The accounting giant in 2011 missed evidence that Miller Energy Resources Inc. inflated the value of assets the company acquired by more than $400 million, misleading investors, according to a Securities and Exchange Commission order. KPMG and its partner in charge of the audit, John Riordan, “failed to exercise the requisite degree of due professional care and skepticism” in reviewing records on the oil and gas interests Miller Energy purchased in Alaska, the agency said.

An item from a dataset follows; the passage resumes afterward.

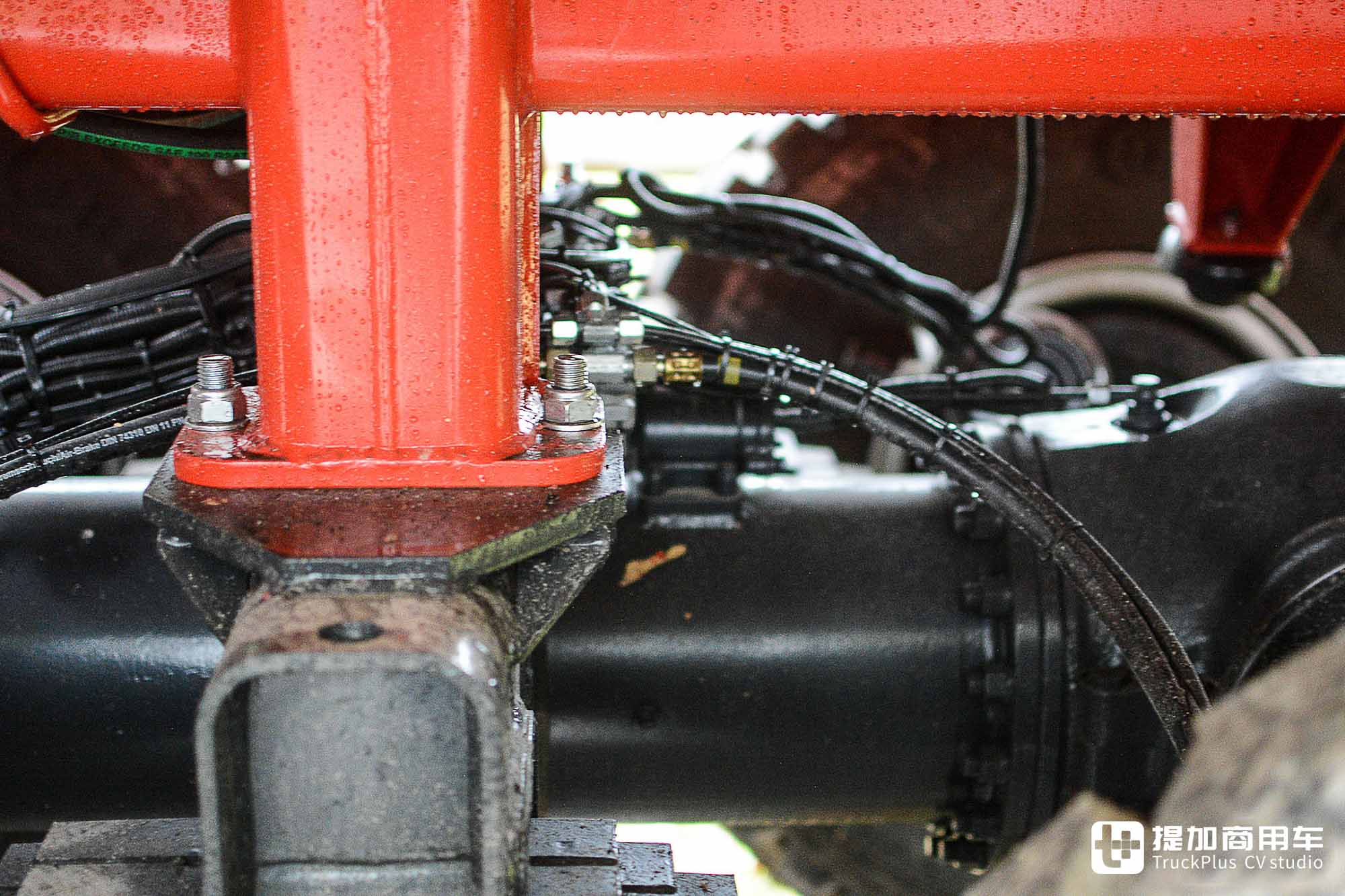 既然采用了中央脊管车架,那太脱拉卡车的另一大精髓:摆动半轴自然不会缺席。得益于这种特殊的结构,车辆的每个车轮均能够独立的进行上下摆动,时刻贴地,保障牵引力。同时,后桥采用了钢板弹簧悬挂,承载能力和可靠性都更加强悍。

Before the firm issued its audit report, Riordan told KPMG’s national office about an SEC subpoena seeking information from Miller Energy on the valuation of the Alaska assets, the commission said. KPMG staff, including unnamed senior officials, decided the agency’s investigation didn’t warrant more audit consideration due at least in part to their belief the probe stemmed from a highly critical “hit job” financial blog report that questioned the valuation, the SEC said.
Miller Energy resolved an SEC financial fraud suit based on related alleged misconduct in 2016. The allegedly overstated valuation helped the Knoxville, Tenn.-based penny-stock company get listed on the New York Stock Exchange, where it traded as high as almost $9 per share in 2013, according to the SEC. It filed for Chapter 11 bankruptcy protection in 2015.

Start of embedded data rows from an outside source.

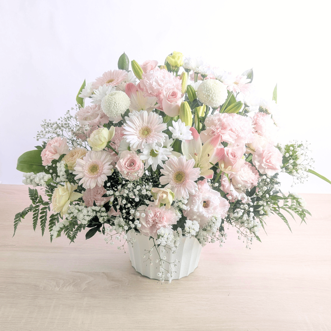 - 推奨花材:ユリ/トルコキキョウ/カーネーション/小菊/デンファレ/淡色バラ
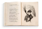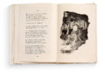 rempliée au plat imprimé, l'ensemble sous chemise cartonnée illustrée en couleurs de l'éditeur, titre au dos, serpentes. Édition illustrée de 30 belles eaux-fortes en noir, par l'artiste et buriniste Lela Pascali. Tirage limité à 197 exemplaires, celui-ci un des 5 sur Japon Impérial (n° 14). Exceptionnel exemplaire enrichi. Comprend un des cuivres de l'artiste (18 x 26,2 cm), un dessin original de la gravure pp. 117, un croquis sur calque signé de l'artiste, une suite en premier état et une suite des hors-textes en état définitif avec remarques sur Japon Impérial. Première édition des Soliloques à ne pas être illustrée par Steinlen qui en fit les images depuis l'originale parue à compte d'auteur en 1897, soit une vraie rupture pour l'esthétique des célèbres vers. Recueil poétique de Randon (1867-1933), dit Jehan-Rictus à partir des années 20, chantre du parler populaire parisien. Il regroupe des pièces « dans la langue du peuple », placées dans la bouche d'un sans-abri errant de rues en rues. Chemise cartonnée endommagée notamment aux mors, etui absent et quelques discrètes rousseurs mais exemplaire à l'intérieur resté frais. ILLUSTRÉ MODERNE. POÉSIE POPULAIRE. PARIS.
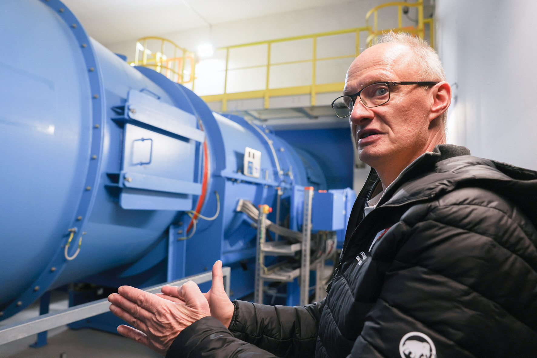 Et pour mesurer la technicité d’un tunnel, rien de tel que de s’y engouffrer. Rendez-vous est pris avec Frédéric Varone, qui nous accueille à la centrale technique située à l’entrée ouest de Viège, identifiable à ses façades couleur rouille. Nous pénétrons dans un véritable labyrinthe. Derrière chaque porte, une nouvelle découverte : chambre de ventilation, salle serveur, station de pompage, armoires techniques à perte de vue. Ici, tout est démesure.

“Auditing firms must fully comprehend the industries of their clients,” Walter Jospin, director of the SEC’s Atlanta Regional Office, said in a statement. “KPMG retained a new client and failed to grasp how it valued oil and gas properties, resulting in investors being misinformed that properties purchased for less than $5 million were worth a half-billion dollars.”
KPMG and Riordan didn’t admit or deny any wrongdoing.
Riordan will pay $25,000 to settle the claims against him and is barred from practicing before the SEC as an accountant for at least two years.
“KPMG is committed to the highest standards of professionalism, integrity and quality, and we have fully cooperated with our regulators to reach a resolution,” KPMG spokesman Manuel Goncalves said in a statement to Bloomberg BNA.
A lawyer for Riordan wasn’t immediately available to comment.